The good news is that the shoulder is getting better, whether due to this benign neglect or in spite of it. I actually recently started doing two-handed push-ups again, and my shoulder didn't hurt. I'm not going nuts and doing tons of push-ups, I don't want to push the envelope. I stopped Saturday at 50.
If things continue this way, I may not need that second doctor visit (or a $300 co-pay for an MRI) at all.
This past week I was only at two hour-long martial arts classes. The week before, only three hours. That's not enough to improve, and not enough to maintain a very high state of cardio, but It's enough, I hope to keep the rust off me.
And some of my off day time with family involves fun, moderate exercise.
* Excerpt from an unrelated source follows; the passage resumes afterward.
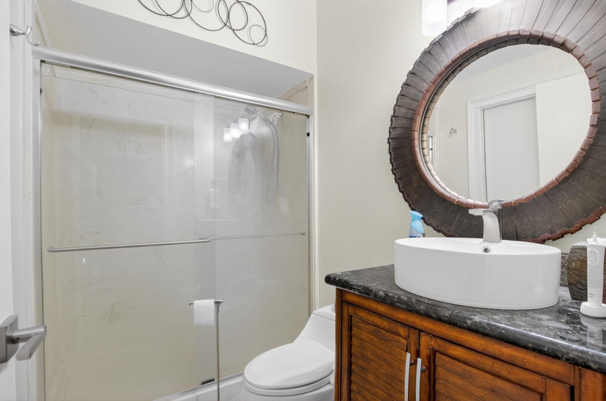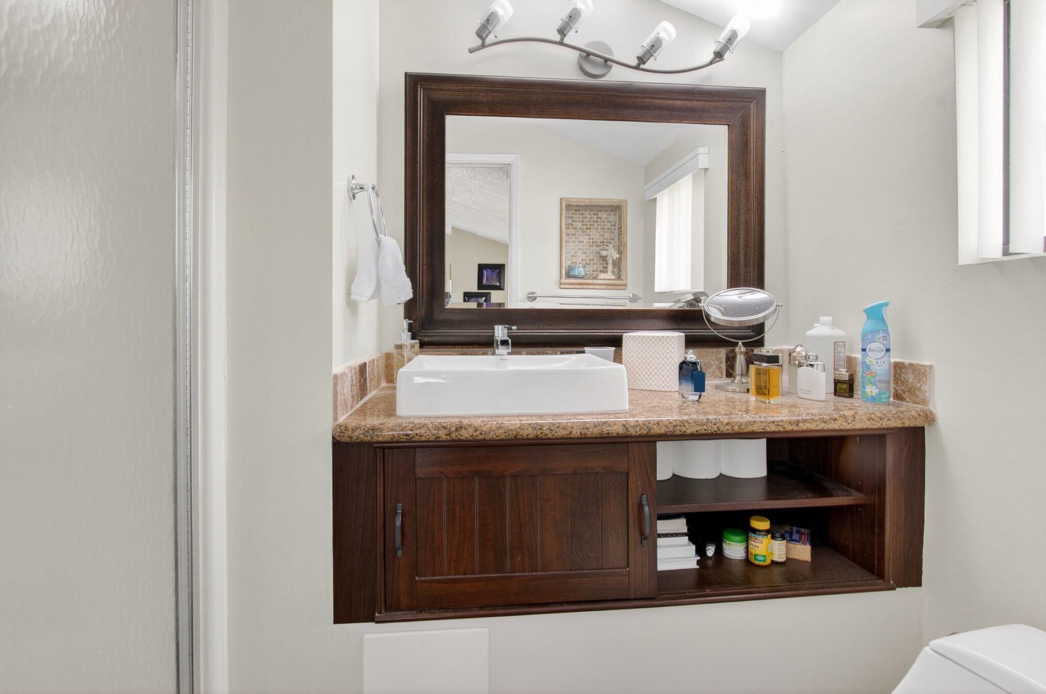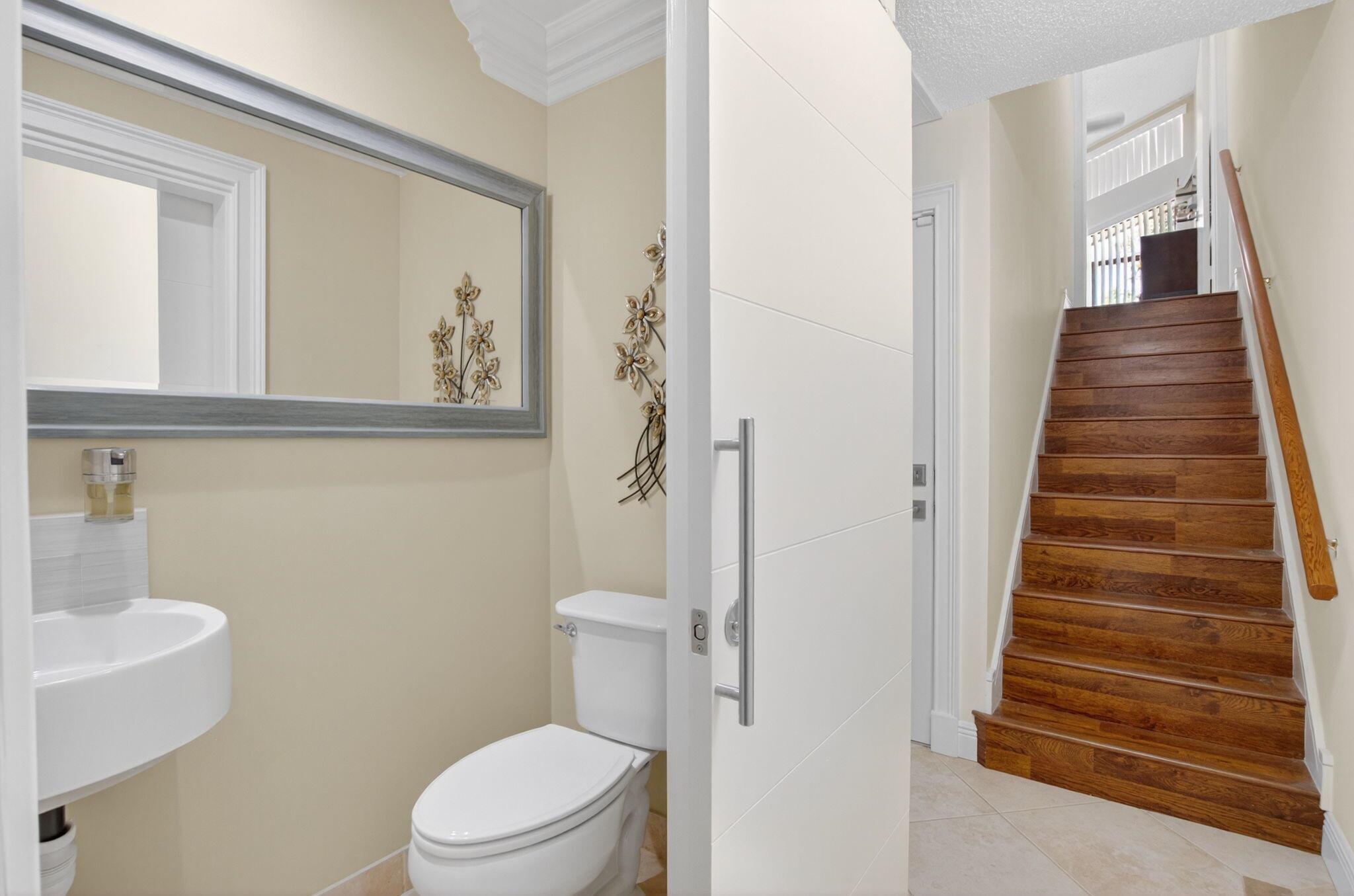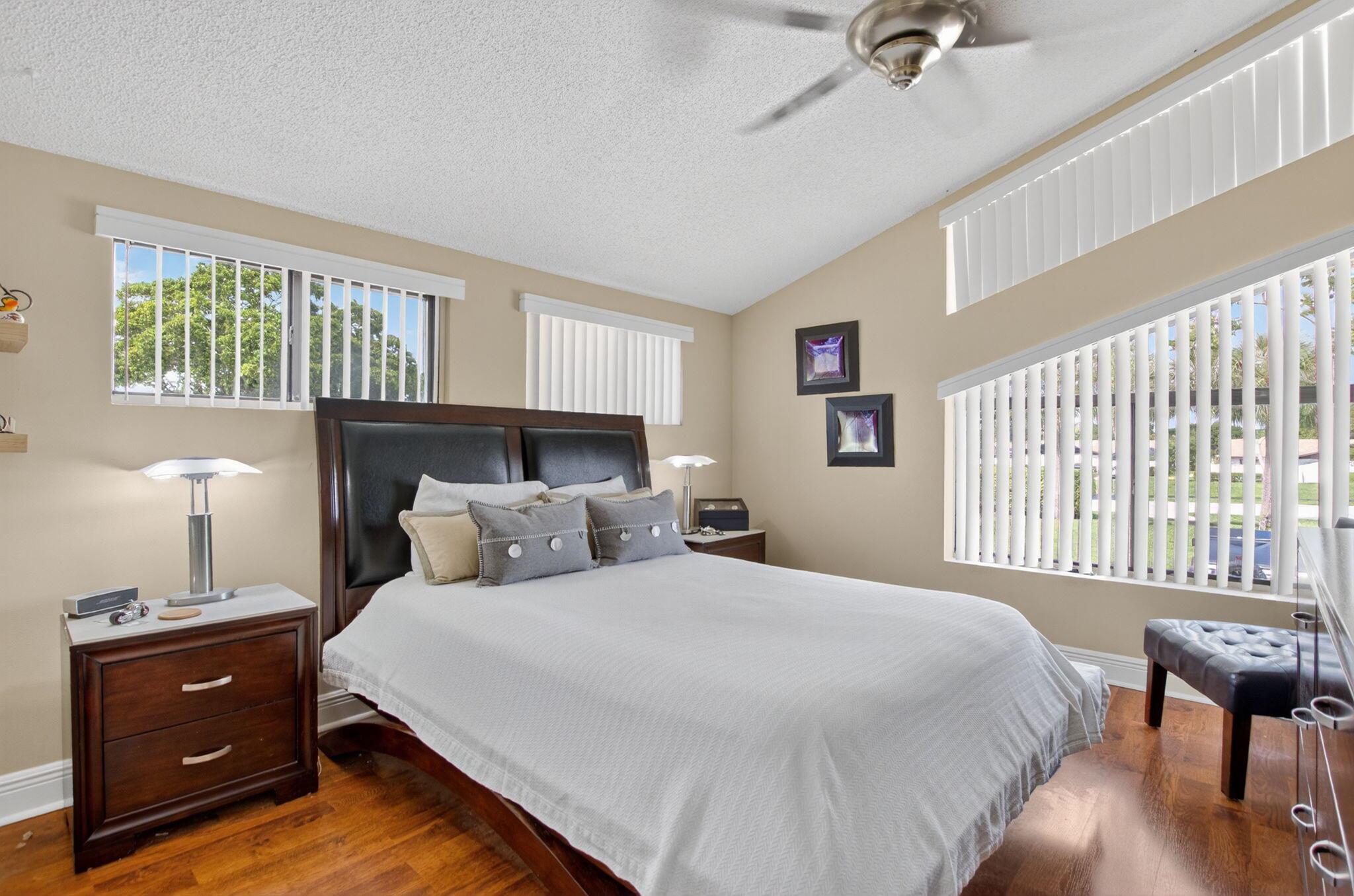 Gorgeous Townhouse with private pool in Boca Gardens - Move in Ready! Welcome to this beautiful 2 story home with 3 master bedroom suites with their own private bathrooms plus a guest bath. Beautifully upgraded with an abundance of natural light and an open floor plan, this home offers the perfect blend of privacy, luxury and convenience. Full 3 beds, 3.5 baths, 1 full car garage, 2 additional parking spaces + guests, over 1,325 square feet of living space plus your own private screened-in yard with a pool! Perfect for endless summer vibes, family gatherings and entertaining. Property is fully updated, newer roof, newer A/C, stainless steel appliances, gorgeous bathrooms, vaulted ceilings, skylights and an upstairs private suite. Perfectly located in Boca Gardens.
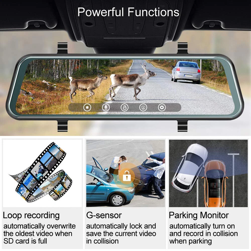 10" HD 1080P Dual Lens Car DVR Dash Cam Video Camera Recorder Rearview Mirror US 100% brand new and high-quality made. This dual lens dash camera is to be mounted to the rear-view mirror of your car for easy operation, it works just like a regular rear-view mirror, and has a HD 1080P camera recording everything in the road ahead. Flexible front lens with 170 degree wide angle allows you to adjust the camera angle easily in real-time, and 10" inch IPS touch screen can be turned off while driving to avoid distraction while its recording. 170 degree Ultra High-definition wide angle lens, flexible front lens can adjust to any direction, backup camera can shooting the car’s rear without blind spots. 10.0" HD IPS touch screen for easy operation, it is super convenient and efficient when it comes to recording and operating. The front lens is Full HD 1080P resolution and the back lens is 640 x 480 resolution. Support reversing video camera, simply connect the red line of the rear view camera to the anode of reversing lights Support 24 hours Parking monitoring, connect car battery with parking monitoring cable (is not included), Even though the car was turn off, the machine can still record video to achieve 24-hour surveillance. Support G-sensor, impact sensitivity adjustment automatically lock fileSupport loop-cycle recording. Motion detection automatic recording. Support video date and time stamp. Specifications: Loop Recording: Off / 1 Min / 2 Min / 3 Min / 5 Min Exposure: +-2,+-1,0 Motion Detection: Off / On Record Audio: Off / On Date Stamp: On / Off G-sensor: High / Medium / Low / Off Park Mode: High / Medium / Low / Off Night Vision: On / Off Auto Power Off: Off / 1 Min / 3 Min Screen Saver: Off/ 3 Min / 5 Min / 10 Min Beep Sound: On / Off Frequency: 50HZ / 60HZ Volume: Low / Medium / High Burst Shooting: On / Off Package Includes: 1x Car DVR (not include SD card) 1x Car Charger 1x Rearview camera 1x Rearview camera line 2x Screws 1x User Manual Model CAM10 Lens Double Cameras / 180 Degree Rotation Video Format AVI (H.264) Custom Bundle No View Angle 170 Degree Wide Angle Application Dash DVR Modified Item No Motion Detection & Loop Recording Support Resolution 1920*720 (2CH Record) 1280*720(1CH Record) Type DVR (Digital Video Recorder) MPN Does Not Apply Brand Unbranded Features Time Lapse, Real-Time Recording, Motion Activated/Detection, Microphone, Dual Lens, Audio Recording, Night Vision Memory Card Micro Card(up to 32GB, Only support class 10 Card Screen 10'' HD IPS Touch Screen

On a couple of Wednesday nights, for instance, my wife and I have gone to dance class. The first 45 minutes we work on salsa--which really gets your feet moving--and then next 45 we work on a different dance--tango one night, waltz the other. According to this interesting calorie calculator, half an hour of salsa would burn (at my weight) 210 calories, and half an hour of waltz or tango would burn 140 calories. (I'm not calculating the whole 45 minutes because of instruction time.)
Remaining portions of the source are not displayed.